Unless you didn't explain yourself very well, you can't make a home made wifi card. 

Well maybe if you made some sort of controller from your lan port to a microwave ham radio or a hacked cordless phone transmitter tuned to the wifi band with a eeprom and the ability to code complex wifi routines and protocols, but yeah, you can't. lol


----------



## cl0udedth0ught

I'm just curious, why do you want to make a homemade one? There are tons of wireless cards out there. If you watch online, sometimes you can find them for around 10-20 bucks. So why go through the trouble?


----------



## Tyree

If it is possible it would likely be more expensive to acquire the parts than you can purchase one for.


----------



## hhnq04

Tyree said:


> If it is possible it would likely be more expensive to acquire the parts than you can purchase one for.


This.

It will also take a rather extensive knowledge of computer hardware knowledge and protocols...it would make for a fun senior design / capstone project for an undergrad engineer though.


----------



## KD5EEJ350

hhnq04 said:


> This.
> 
> It will also take a rather extensive knowledge of computer hardware knowledge and protocols...it would make for a fun senior design / capstone project for an undergrad engineer though.

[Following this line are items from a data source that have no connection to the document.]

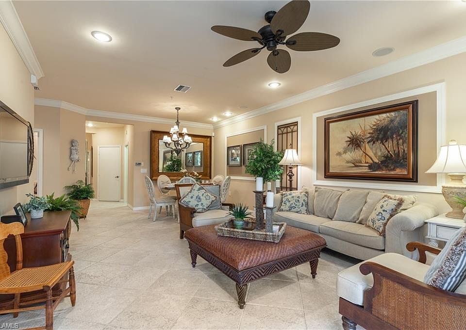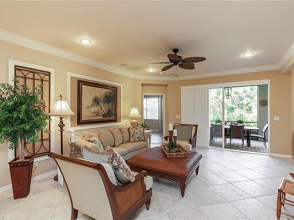 C.15505 - Enjoy peaceful tranquility on your spacious lanai while watching the sunset. This former model offers all the options and custom finishes you are looking for. Crown and decorative molding, tile on the diagonal, plantation shutters and custom paint through out take this condo to the highest level. The kitchen features wood cabinets, tile back splash, new stainless steel appliances and an eat in breakfast area. The spacious master bedroom has new hardwood flooring while the master bathroom features custom tile work. Custom tile work is also found in the second full bathroom. This home comes move in ready. Amenities include Community room, play area, fishing pier, fitness trail, Tennis and Pickle ball courts and a Canoe/Kayak landing on the Historical Mullock Creek. Membership is available at Shadow Wood Country Club with three championship courses. Shadow Wood Preserve offers close proximity to Regional Southwest Airport, the Beaches, and shopping and dining at Coconut Point, Bell Tower shops.This home will not disappoint!
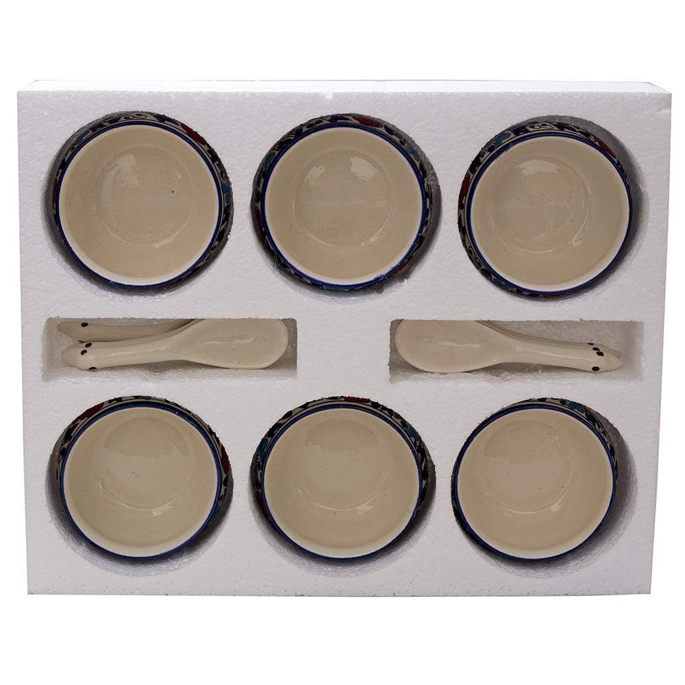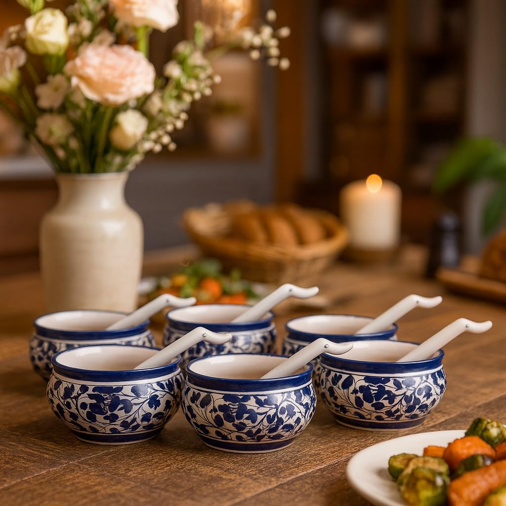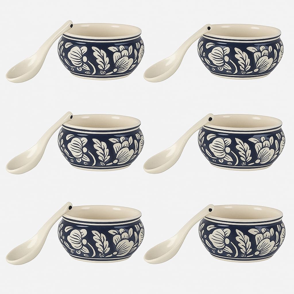 Maya | Hand-Painted Ceramic Soup Bowl Set of 6 with Spoons | 300ml Each | Multi-Purpose Serving Bowls for Soup, Snacks, Noodles | Elegant Gift Set | Microwave & Dishwasher Safe (Warli)
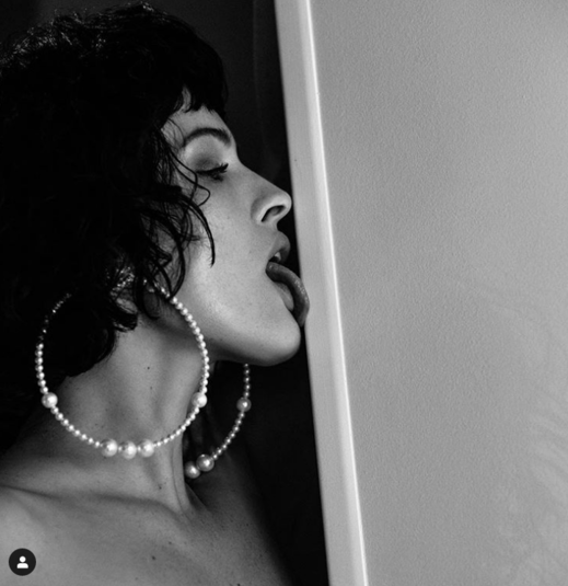 На одной фотографии Даша Астафьева в больших круглых серьгах высунув язычок соблазнительно облизывает стену.
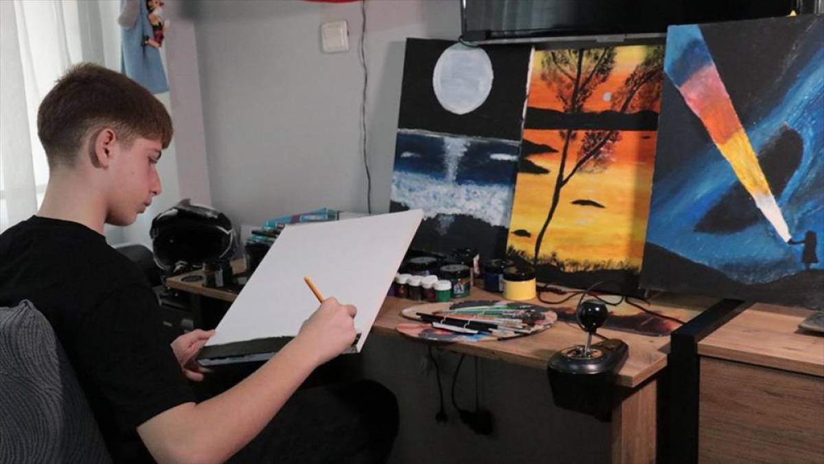Kocaeli'de yaşayan 14 yaşındaki Eymen Çetin, Liselere Geçiş Sınavına (LGS) hazırlık sürecinde sınav kaygısını resim yaparak azaltıyor.
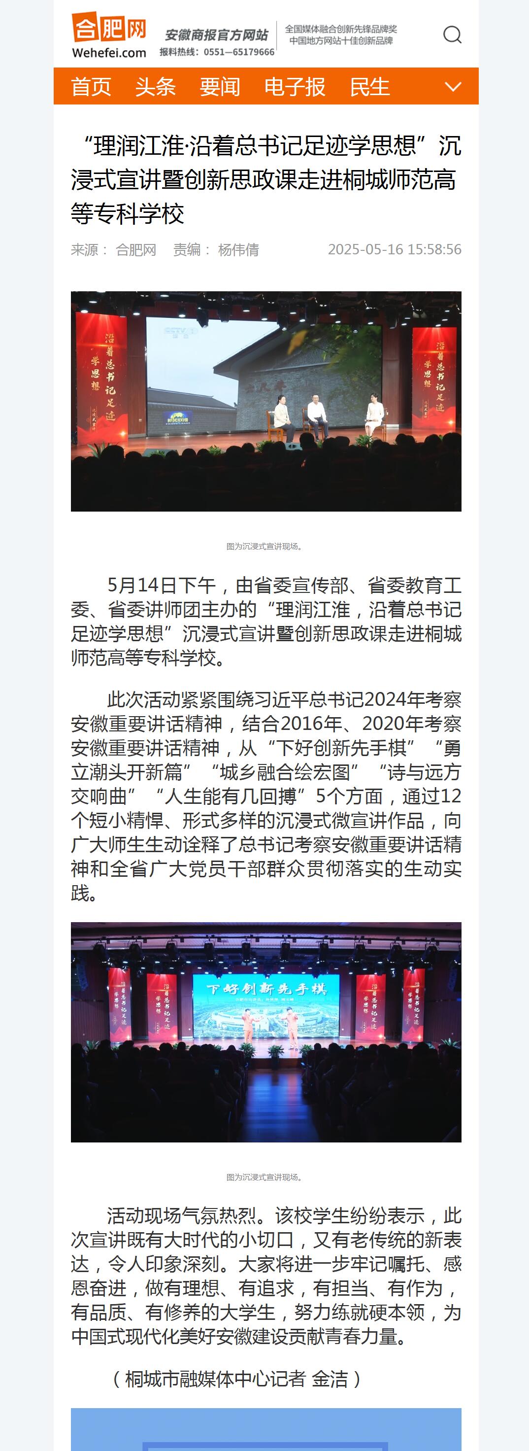合肥網:“理潤江淮·沿著總書記足跡學思想”沉浸式宣講暨創新思政課走進桐城師範高等專科學校
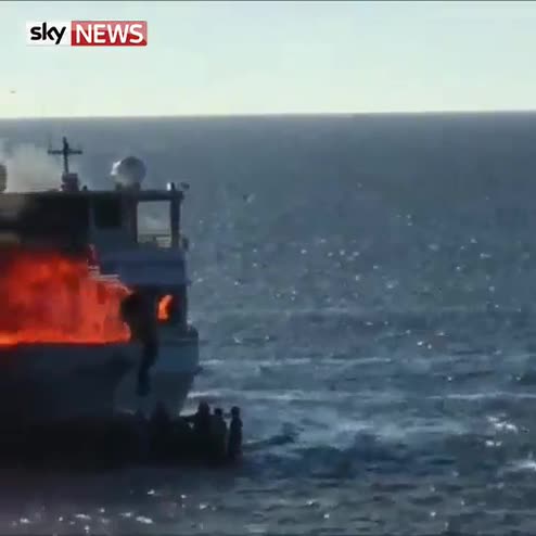 Video has been released of people jumping overboard to escape a fire on a casino shuttle boat off Florida, in which a woman died.
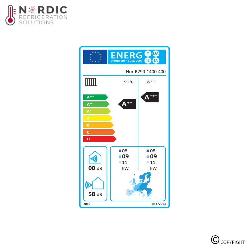 Denne propan varmepumpe har en meget høj SCOP-værdi på 4.92 og A+++ energimærkning til almindelig rumopvarmning (35 grader).
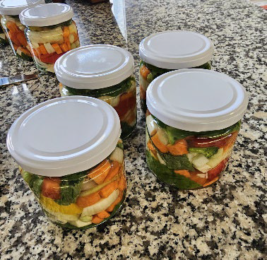 Alle Teilnehmenden nehmen das selbst verarbeitete Gemüse mit nach Hause. Bei einem einfachen Mittagsbuffet können verschiedene fermentierte Gemüse degustiert werden.
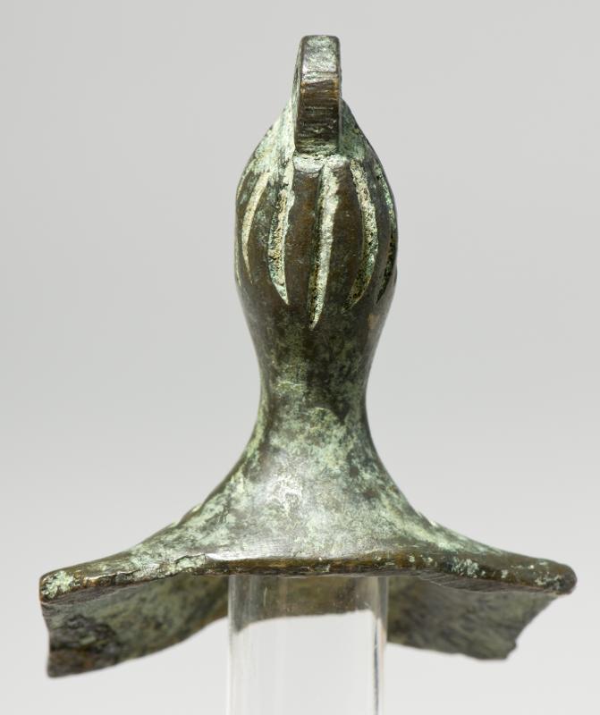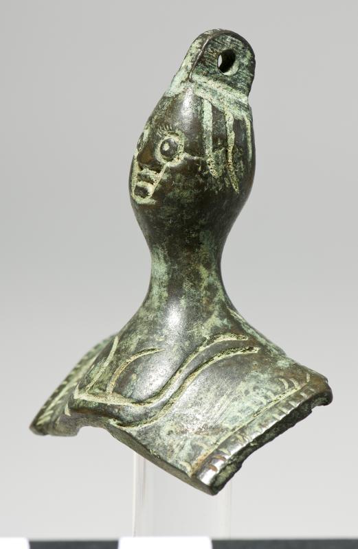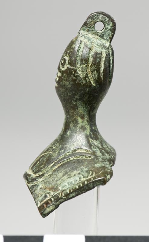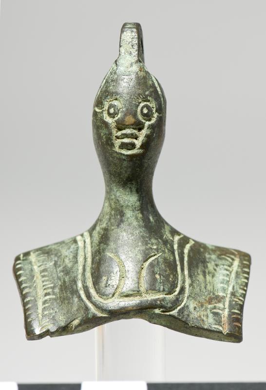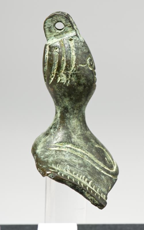Pendant in the shape of a female bust. Oval, massive head, long neck and hollow chest. Incised lines representing the clothes. Loop on top of the head.
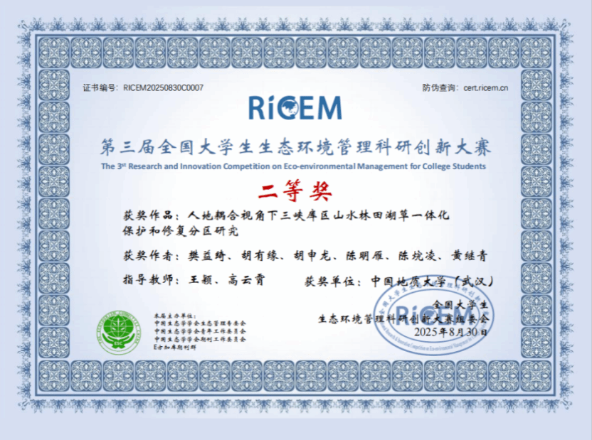 学子樊益绮、胡有缘、胡申龙、陈明雁、陈烷凌及黄继青组成的“南望只此青绿”团队,凭借作品《人地耦合视角下三峡库区山水林田湖草一体化保护和修复分区研究》荣获全国二等奖。
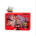 Ao abrir a cápsula, surge um universo de possibilidades, com personagens icônicos como Homem-Aranha, Capitão América e outros favoritos dos fãs.
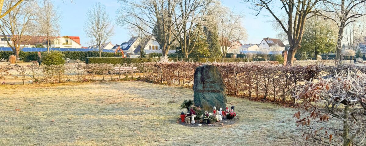 - Die Position der Grabstätte auf dem Friedhof kann nicht gewählt werden. Die Belegung erfolgt im jeweiligen Grabfeld der Reihe nach.
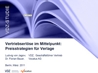 „Der Vertriebserlös hat an Bedeutung für die Zeitschriftenverlage zugenommen“, so Ludwig von Jagow, Geschäftsführer Vertrieb im VDZ. „Dadurch rücken bislang eher vernachlässigte Fragen der Preisstrategien für den Print- und ePublishing-Vertrieb in den Vordergrund; viele Verlage suchen hier Maßstäbe und Orientierung.“ Diese gibt die neue Studie „Vertriebserlöse im Mittelpunkt -Preisstrategien für Verlage“, die der VDZ in Kooperation mit der Vocatus AG jetzt veröffentlicht. Sie ist Grundlage und Unterstützung für eine systematische und nachhaltige Preisfindung und Preissetzung im Pressevertrieb.
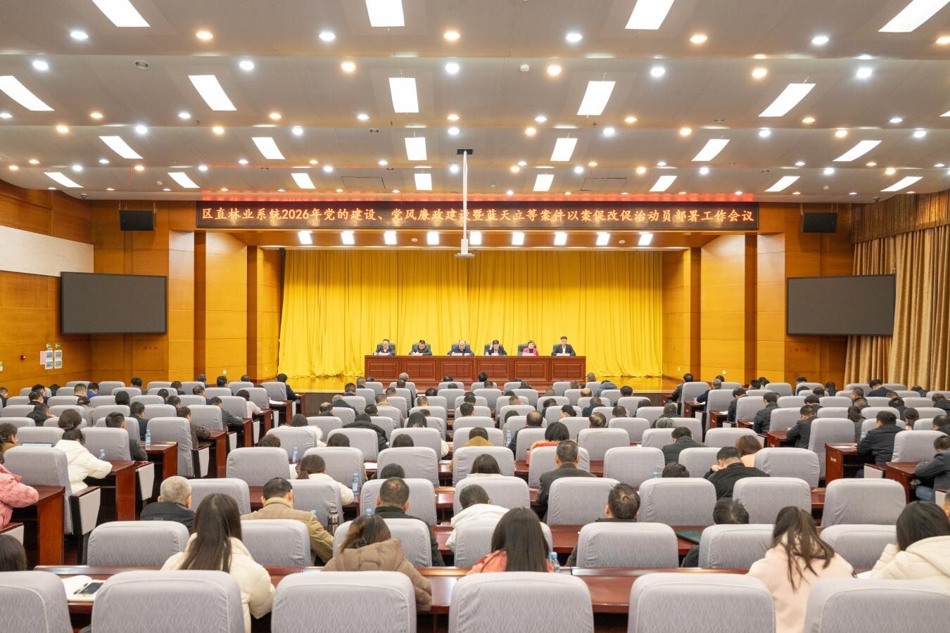 2026年1月23日,区直林业系统2026年党的建设、党风廉政建设暨蓝天立等案件以案促改促治动员部署工作会议在南宁召开。会议深入学习贯彻党的二十大和二十届历次全会精神,认真落实四中全会部署,全面总结2025年区直林业系统党的建设和党风廉政建设工作,研究部署2026年工作及以案促改促治工作。自治区林业局党组书记、局长蔡中平出席会议并讲话。

Building an ELF/ULF/VLF/LF/HF from design to limited functionality alone takes months if you KNOW what you are doing, microwave+wlan functionality would take closer to a year/s with a whole group of radio enthusiasts lol. I still have my first 2 Meter radio I built with my dad from a kit starting from no knowledge, took around 2 weeks working when he has time to spare, I would love to know where OP ever got the idea of a homebrew wireless nic or if he misspoke and meant something completely different.


----------



## Tyree

hhnq04 said:


> This.
> 
> It will also take a rather extensive knowledge of computer hardware knowledge and protocols...it would make for a fun senior design / capstone project for an undergrad engineer though.


And that ^ :smile:


----------